Wang Jian; Research on some key technologies in Chinese processing [D]; Fudan University; 2004
He Bainhua; Research on automatic Chinese word segmentation and machine translation [D]; South University of South; 1993
News; Research and application of lexical analysis in Chinese [D]; Dalian University of Technology; 2010

Web Articles

Http://sobuhu.com/ml/2012/12/23/chinese-word-spliter.html

The principle and realization of Chinese word segmentation

Contact Us

The content source of this page is from Internet, which doesn't represent Alibaba Cloud's opinion; products and services mentioned on that page don't have any relationship with Alibaba Cloud. If the content of the page makes you feel confusing, please write us an email, we will handle the problem within 5 days after receiving your email.
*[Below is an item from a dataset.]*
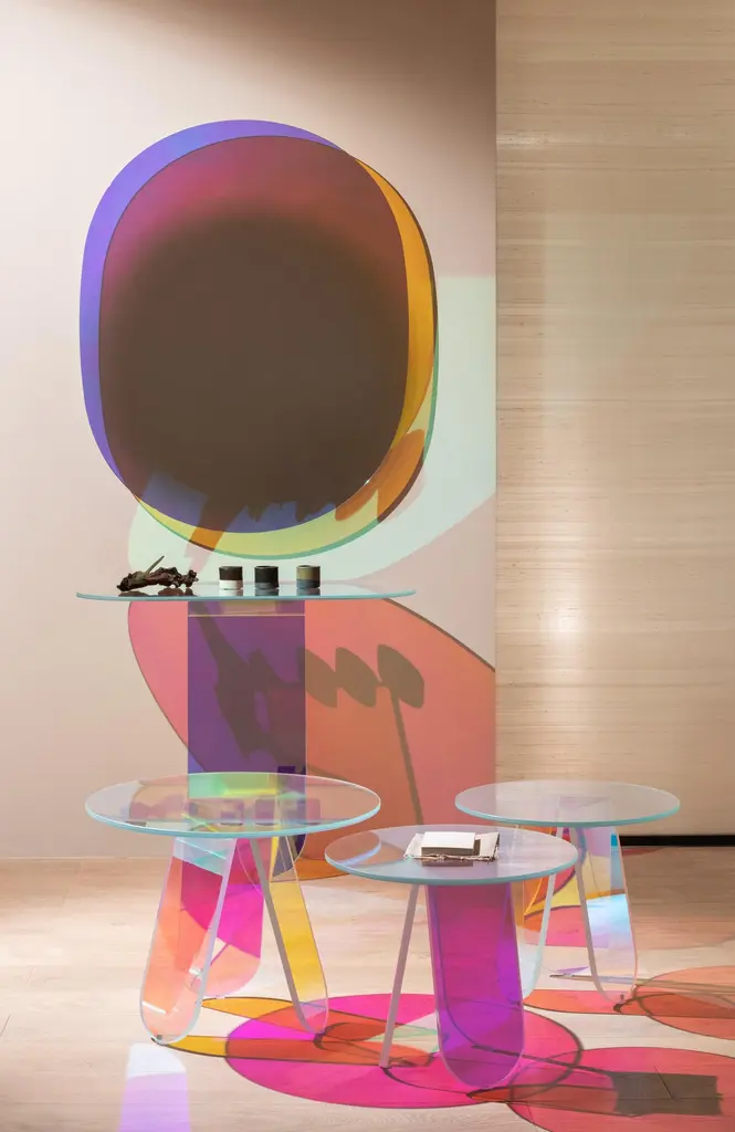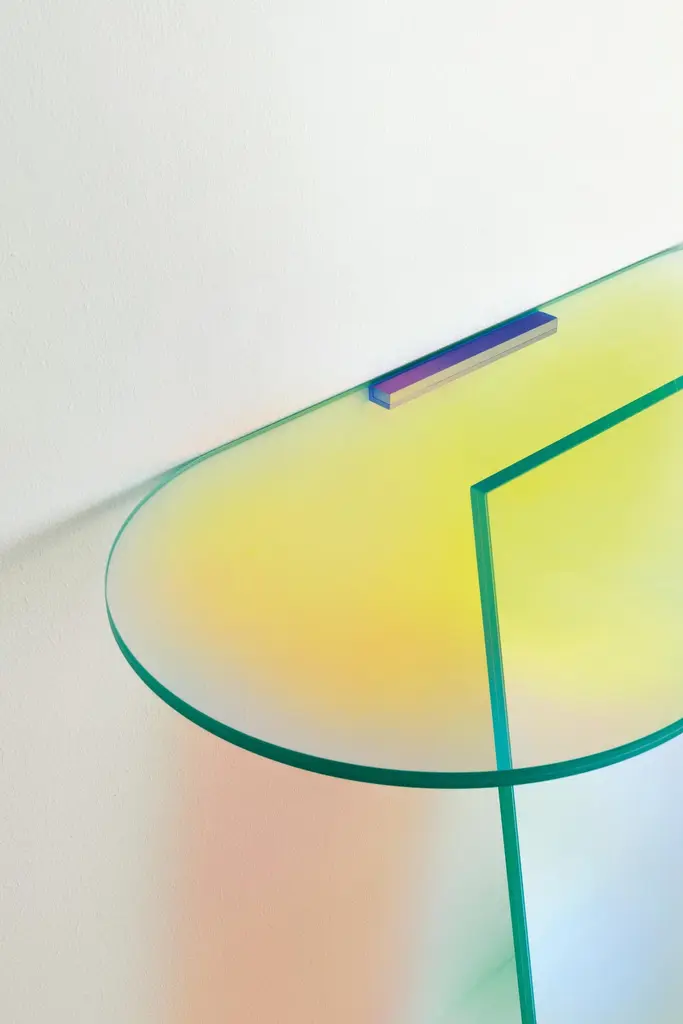 Shimmer console table is shown here in the laminated and glued glass. The collection is available in high tables, low tables and consoles in laminated and glued glass, characterized by a special iridescent multichromatic finish; the nuance varies according to the angle of the light source and the vantage point. Reflected objects with a magical and ethereal appearance emerge. The high tables bases can be dismantled and are fixed to the top by means of metal plates, concealed by a circular decorated covering.Patricia Urquiola was born in Oviedo (Spain) in 1961. Lives and works in Milan. She attended the School of Architecture of Madrid Polytechnic and Milan Polytechnic, where she graduated in 1989 with Achille Castiglioni. From 1990-1992 she was assistant lecturer to both Achille Castiglioni and Eugenio Bettinelli in Milan and Paris. From 1990-1996 she was responsible for the new product development office of DePadova, working with Vico Magistretti. In 1996 she became head of Lissoni Associati’s design group. In 2001 she opens her own studio working on product design, architecture, installations. Amongst her last projects of architecture: Mandarin Oriental Hotel in Barcelona and W Retreat&Spa a Vieques (Porto Rico); a villa in Udine; scenography of the opera “L’incoronazione di Poppea” by Monteverdi; showroom and installations for Hermès, Gianvito Rossi, Flos, Moroso, H&M and the general concept of Pitti Immagine Firenze. She designs for the most important Italian and international firms as Agape, Alessi, Andreu World, Artelano, Axor, B&B Italia, Bart Design, Bisazza, BMW, Bosa, Budri, Chevalier Edition, Il Coccio, De Padova, De Vecchi, Driade, Emu, Fasem, Salvatore Ferragamo, Flos, Foscarini, Gallotti & Radice, Gandia Blasco, Glas Italia, Kartell, Kettal, Kvadrat, Mixing Media, Maurice Lacroix, Liv’it, Peter Mabeo, MDF Italia, Molteni, Moroso, Mutina, Olivari, Panasonic, Paola Lenti, Rosenthal, Champagne Ruinart, San Lorenzo, Tronconi, Viccarbe. Consulting for Honda and LG. Some of her products are exposed in the permanent collection of MoMA in New York and other international museums. She has won several international prices and awards. Amongst others the Medalla de Oro al Mérito en las Bellas Artes 2010 awarded by the Spanish Government (2011) and the A&W Magazine nomination as Designer of the Year 2012.Additional information:- Dimensions: SHI07, W 100, D 45, H 84.5- Finishes: Laminated and glued glass.Please note that the list price excludes VAT. An additional VAT charge may apply.

If you find any instances of plagiarism from the community, please send an email to: info-contact@alibabacloud.com and provide relevant evidence. A staff member will contact you within 5 working days.

A Free Trial That Lets You Build Big!

Start building with 50+ products and up to 12 months usage for Elastic Compute Service

  • Sales Support

    1 on 1 presale consultation

  • After-Sales Support

    24/7 Technical Support 6 Free Tickets per Quarter Faster Response

  • Alibaba Cloud offers highly flexible support services tailored to meet your exact needs.